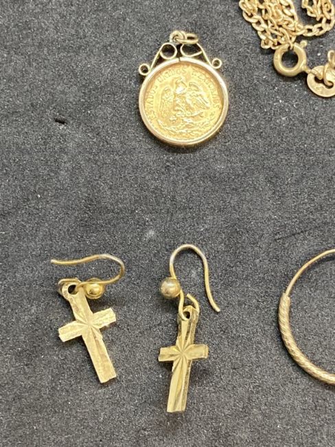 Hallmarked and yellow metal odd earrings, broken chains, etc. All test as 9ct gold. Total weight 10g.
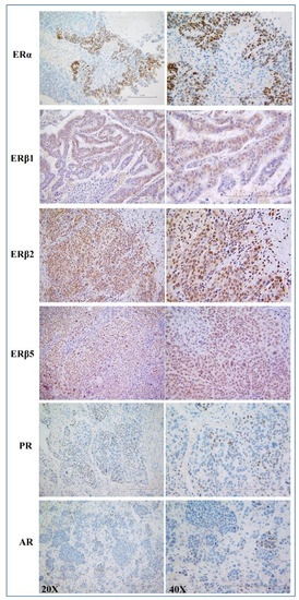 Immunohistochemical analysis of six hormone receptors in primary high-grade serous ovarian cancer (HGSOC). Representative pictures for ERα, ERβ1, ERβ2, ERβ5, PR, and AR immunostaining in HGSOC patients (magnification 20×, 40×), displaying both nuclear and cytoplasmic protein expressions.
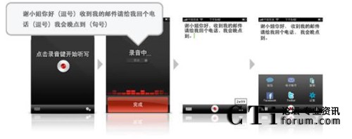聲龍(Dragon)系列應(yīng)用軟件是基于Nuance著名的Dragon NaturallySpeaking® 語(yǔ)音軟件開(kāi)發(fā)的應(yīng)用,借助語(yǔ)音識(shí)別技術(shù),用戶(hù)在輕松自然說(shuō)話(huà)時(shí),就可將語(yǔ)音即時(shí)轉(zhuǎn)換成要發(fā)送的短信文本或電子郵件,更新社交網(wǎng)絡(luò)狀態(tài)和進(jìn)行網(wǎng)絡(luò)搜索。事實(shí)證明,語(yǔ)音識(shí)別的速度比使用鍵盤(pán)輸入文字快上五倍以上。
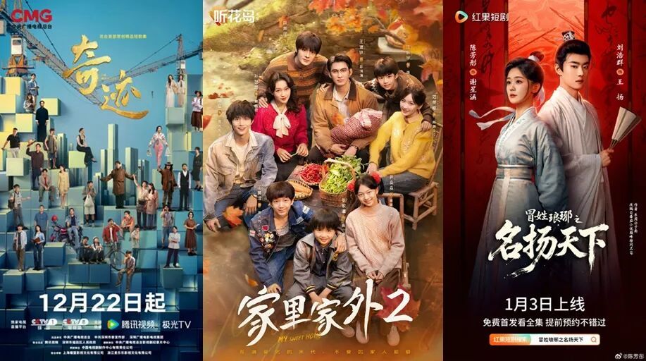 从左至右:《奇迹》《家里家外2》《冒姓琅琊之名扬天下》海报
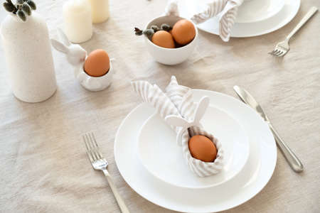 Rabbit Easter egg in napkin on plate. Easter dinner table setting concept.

--

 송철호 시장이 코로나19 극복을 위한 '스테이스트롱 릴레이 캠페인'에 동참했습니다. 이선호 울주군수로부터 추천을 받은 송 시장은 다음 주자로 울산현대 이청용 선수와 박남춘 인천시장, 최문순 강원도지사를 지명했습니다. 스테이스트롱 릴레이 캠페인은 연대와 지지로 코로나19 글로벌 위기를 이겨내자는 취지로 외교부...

=== What the task requires ===
The line holding "Hallmarked and yellow" starts the copy and the line holding "Rabbit Easter egg" ends it. Repeat those two lines above and all between them exactly, leaving out pictures.

=== Response to the exercise ===
 Hallmarked and yellow metal odd earrings, broken chains, etc. All test as 9ct gold. Total weight 10g.
 Immunohistochemical analysis of six hormone receptors in primary high-grade serous ovarian cancer (HGSOC). Representative pictures for ERα, ERβ1, ERβ2, ERβ5, PR, and AR immunostaining in HGSOC patients (magnification 20×, 40×), displaying both nuclear and cytoplasmic protein expressions.
聲龍(Dragon)系列應(yīng)用軟件是基于Nuance著名的Dragon NaturallySpeaking® 語(yǔ)音軟件開(kāi)發(fā)的應(yīng)用,借助語(yǔ)音識(shí)別技術(shù),用戶(hù)在輕松自然說(shuō)話(huà)時(shí),就可將語(yǔ)音即時(shí)轉(zhuǎn)換成要發(fā)送的短信文本或電子郵件,更新社交網(wǎng)絡(luò)狀態(tài)和進(jìn)行網(wǎng)絡(luò)搜索。事實(shí)證明,語(yǔ)音識(shí)別的速度比使用鍵盤(pán)輸入文字快上五倍以上。
 从左至右:《奇迹》《家里家外2》《冒姓琅琊之名扬天下》海报
 Rabbit Easter egg in napkin on plate. Easter dinner table setting concept.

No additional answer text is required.